Deep understanding of MapReduce Shuffle

1. How MapReduce works

We analyze the working principle of MapReduce from the perspective of the three roles of Client, JobTracker, and TaskTracker

The client starts a job and submits a JobId to the JobTracker. The resource files required to run the job, such as jar packages, and the fragmentation information input by the client after calculation, are copied to HDFS. The sharding information determines the number of map tasks and is assigned and calculated by the JobTracker.
After JobTracker receives the job task, it places the job in the job queue.

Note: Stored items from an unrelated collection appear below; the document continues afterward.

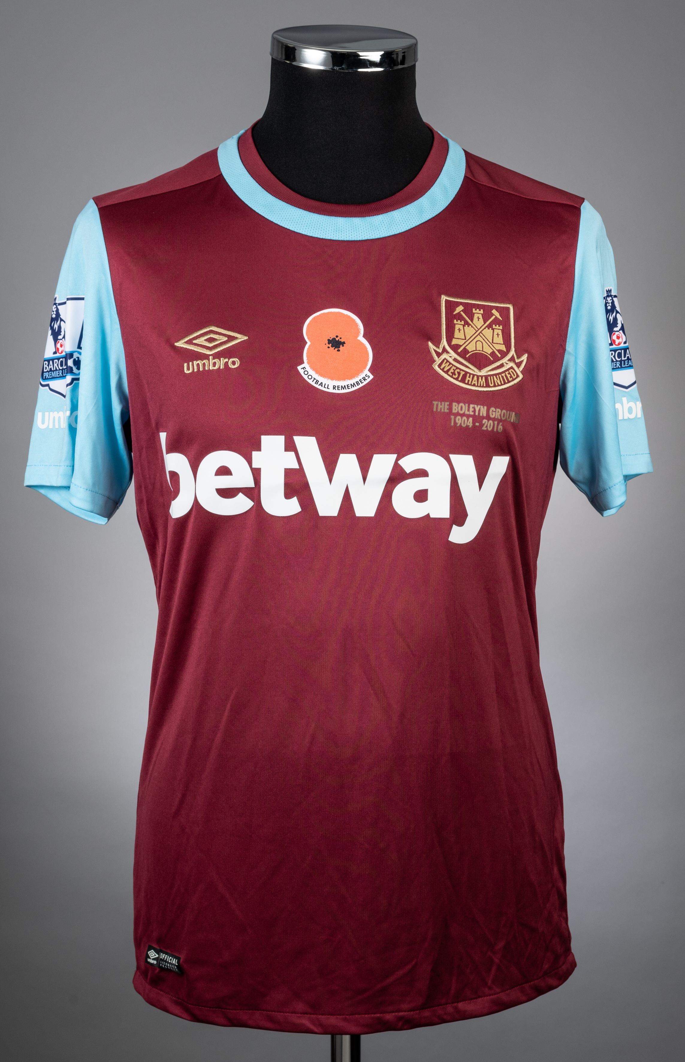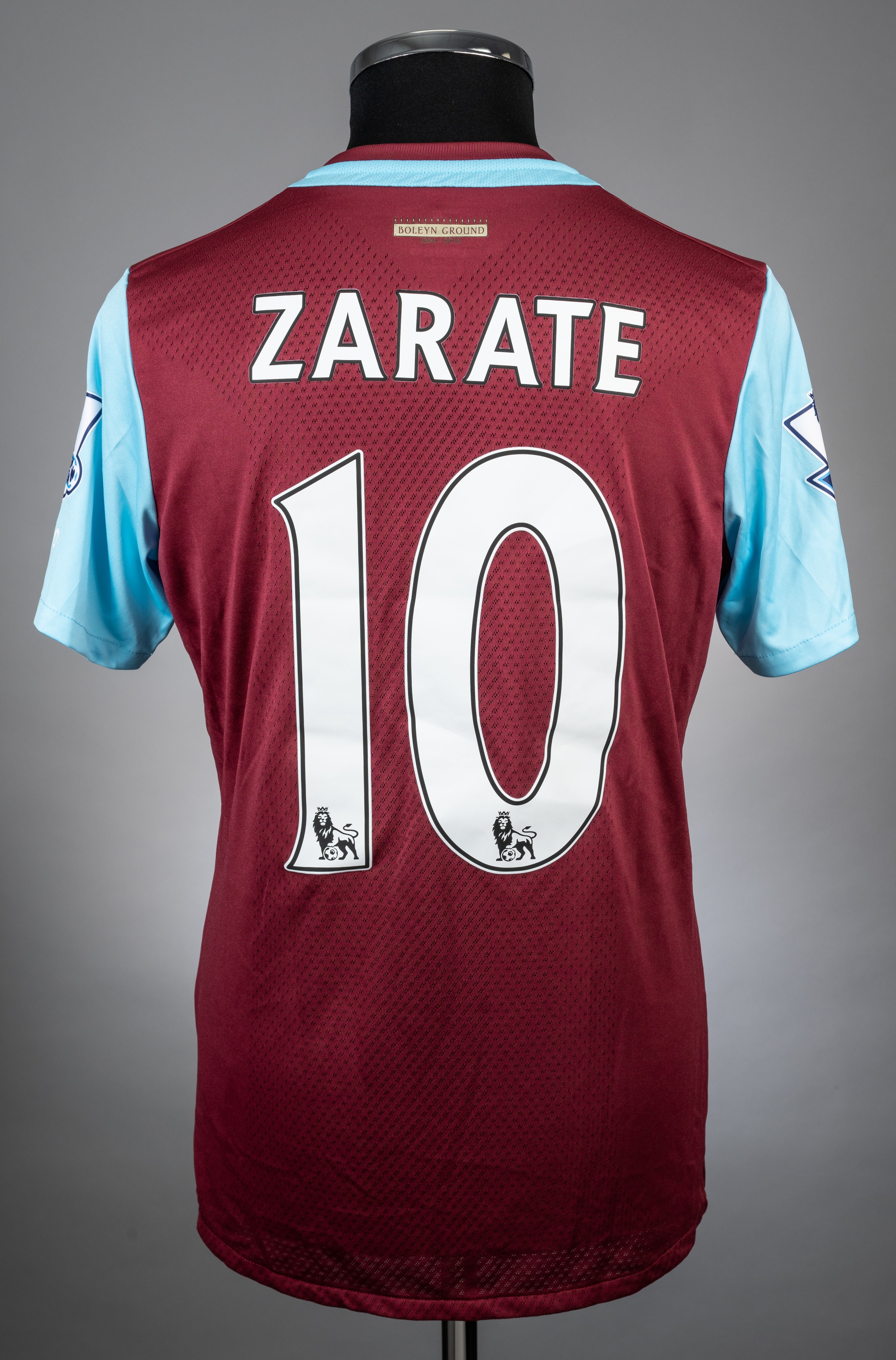 Mauro Zarate claret and blue West Ham United no.10 home jersey from the season 2015-16 game v Everton which took place on 7/11/15 at Upton Park. Player issued short sleeved UMBRO example with Barclays Premier League badges on both arms as well as UMBRO in white. The front has the West Ham United Club crest with "The Boleyn Ground- 1904-2015" in gold underneath to denote their final season at their famous old stadium. It has the BETWAY sponsor logo, the UMBRO manufacturer trademark in gold and also bears the Poppy badge, denoting that this was the game chosen that season for the Club to commemorate Remembrance Day. "BOLEYN GROUND 1904- 2016" is also picked out below the collar. There is no visible evidence of match wear and the item is in excellent condition. The game finished in a 1-1 draw with goals scored by Lanzini for West Ham and Lukaku for Everton. Zarate came on as substitute for Enner Valencia in the 69th minute.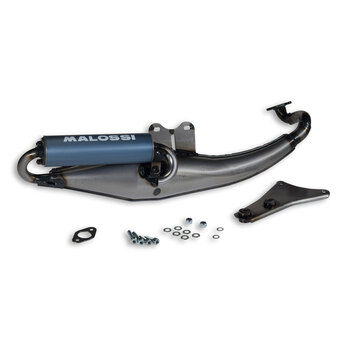 EXHAUST in special sheet steel (1.5 mm thickness) manufactured through the press working process. The exhaust features silencing baffles, aluminum alloy mounting brackets with vibration isolators. Clear-coat finish.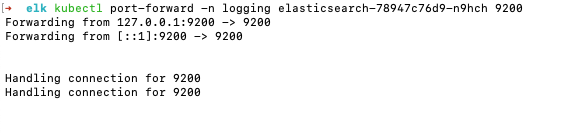 kubectl port-forward -n logging elasticsearch-78947c76d9-n9hch 9200 (为验证是不是操作问题,delete了ns,重新apply了一下,pod名称可能和前面的对不上)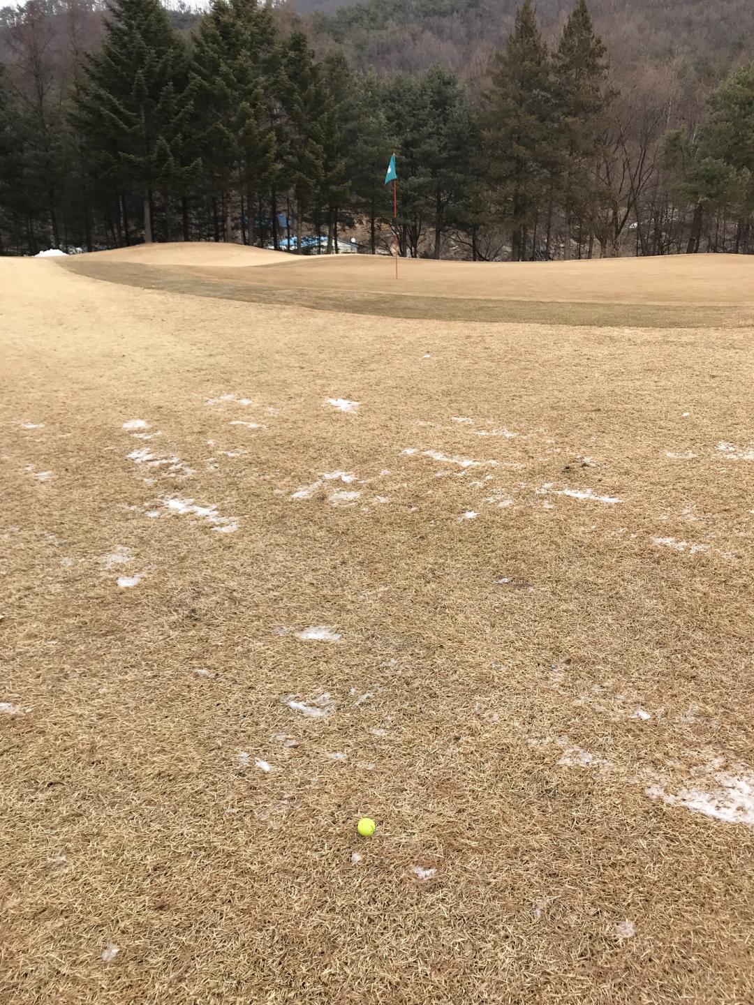 땅이얼어서 바운드도 멀리튀고 파4 한방에 올리면 기분 째지죠 ㅎㅎ 스코어야 망하던 말던 ㅋㅋ
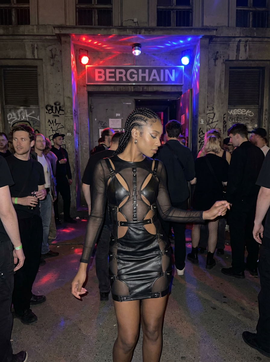 model outside techno party outside berghain night club in berlin at night. the model wears black sheer leather dress with a lot of cut outs, futuristic techno design. clean cuts. hair in futuristic braids.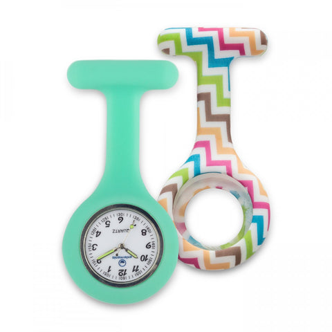 Silicone Nurse Fob Watch Glow in the Dark Aqua + Teal ZigZag Silicone Extra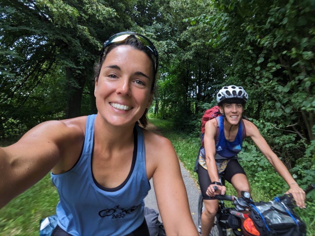 En Buxtehude (106 km después del inicio) me encuentro con Aida, que venia pedaleando desde el aeropuerto de Hamburgo. Nuestro encuentro, que ha sido bajo la lluvia, nos ha hecho movernos rápido y pedalear hasta al pueblo (aun suerte que ha aguantado todo el dia sin llover…).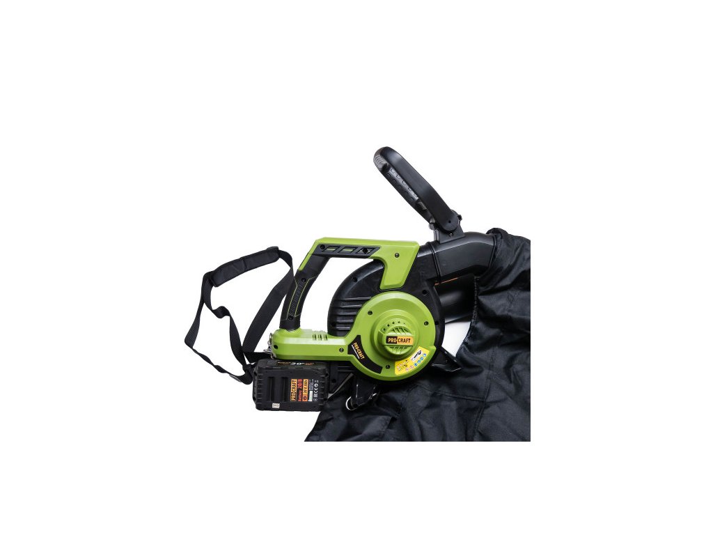 Akumulátorový vysávač lístia Procraft VB20 (bez batérie a nabíjačky) je určený na fúkanie alebo vysávanie. Výkonný motor s príkonom 2200 W a 15 500 otáčkami za minútu zabezpečuje dostatočný výkon stroja. Funkcia mulčovania využíva kovové nože na drvenie v pomere 10:1, čím sa objem odpadu zmenší desaťnásobne a uľahčí sa jeho kompostovanie. Rýchloupínacie vrecko uľahčuje prácu pri vyprázdňovaní. Súčasťou balenia je tryska a sací adaptér. Kartónové balenie.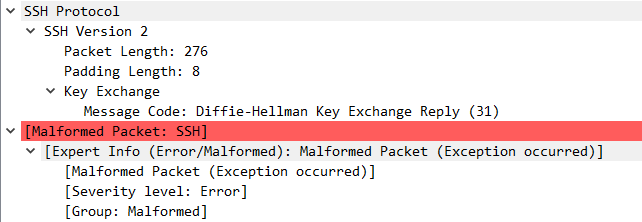 测试:路由器到服务器网关SSH能通,服务器到路由器SSH也能通,防火墙出口侧地址也能SSH通服务器;路由器SSH服务器输入用户名密码后提示conection closed;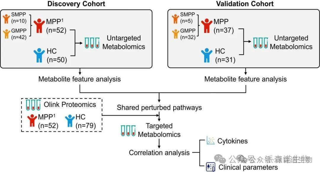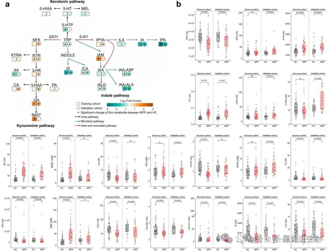 本研究采用兩大獨立隊列,結合非靶向代謝組學、Olink蛋白質組學和靶向代謝組學,重點解析TRP代謝通路。結果揭示MPP中TRP代謝的雙向調控特征:犬尿喹啉(KYN)通路上調促進炎癥,而吲哚通路下調削弱抗炎作用。研究提示靶向TRP代謝的治療潛力,并為免疫調節研究提供新方向。

When the job scheduler schedules a job according to its own scheduling algorithm, it will follow the sharding information and provide data for each shard.
Create a map task and assign the map task to TaskTracker for execution. It should be noted that map tasks are not randomly assigned to TaskTracker. For specific reasons, see the principle of data localization introduced in the previous article. The number of maps that can be run on each node is limited. TaskTracker has a fixed number of map slots and reduce slots according to the number of host cores and the size of memory.
TaskTracker will periodically send heartbeats to JobTracker. If the heartbeat is not received for a certain period of time, JobTracker defaults that the TaskTracker node is hung up for resource recovery, and redistributes tasks on this node to other nodes. JobTracker will monitor the execution of the task, and when the execution is complete, the JobTracker will update the status of the job to complete. If a certain number of tasks fail to execute, the job will be marked as failed, and the JobTracker will send the running status information of the job to the Client.

2. In-depth Shuffle process

As shown in the green dashed box: from the output of map() to the input of reduce( ), the middle process is called the shuffle process. The Shuffle process is divided into the Shuffle process on the Map side and the Reduce side:

Map end process:

Ring memory buffer area: Each split data is processed by a map task. The processing result of map will not be directly written to the hard disk, but will be transferred to the ring memory buffer area first. The default size is 100M (can be modified by configuration). When the content of the buffer reaches 80%, it will start to overflow. At this time, the overflow content of the buffer will be written to the disk to form a spill file. Note that this file has no fixed size.
After partitioning and sorting in the memory, it overflows to the disk: The main function of the partition is to specify which reduce task the output result of the map is assigned to. The default is to use the key value of the map output result to take the hashcode and the number of redue tasks configured in the code. Modular operation, the same value is divided into one area, that is, one reduce task corresponds to the data of one partition.

The advantage of this is that it can prevent some reduce tasks from being allocated a large amount of data, and some reduce tasks are allocated only to a small amount or no data, and the processing power of the reduce is average. And in each partition (partition), there will be a sort by key sorting. If the Combiner is set at this time, the result of the sorting will be subjected to the Combine operation, which is equivalent to the local reduce in the map phase. The purpose of this is to make as much as possible Less data is written to disk.
Merging overflow files: With the execution of the map task, the files will continue to overflow until the last record is output. A large number of overflow files may be generated. At this time, these large overflow files need to be merged. The process of merging files will continue Sorting and Combine operations have two benefits: reducing the amount of data written to disk each time & reducing the amount of data transmitted over the network in the next reduce phase. Finally, it merges into a partitioned and sorted large file. At this time, configuration compression processing can be performed, which can reduce the amount of network transmission between different nodes.

After the merge is completed, start copying the data to the corresponding reduce processing, then how to find the reduce task corresponding to the partition data? Simply put, the macro information of the entire cluster is saved in the JobTracker, as long as the reduce task obtains the corresponding map output location from the JobTracker. For details, please refer to the working principle of MapReduce above.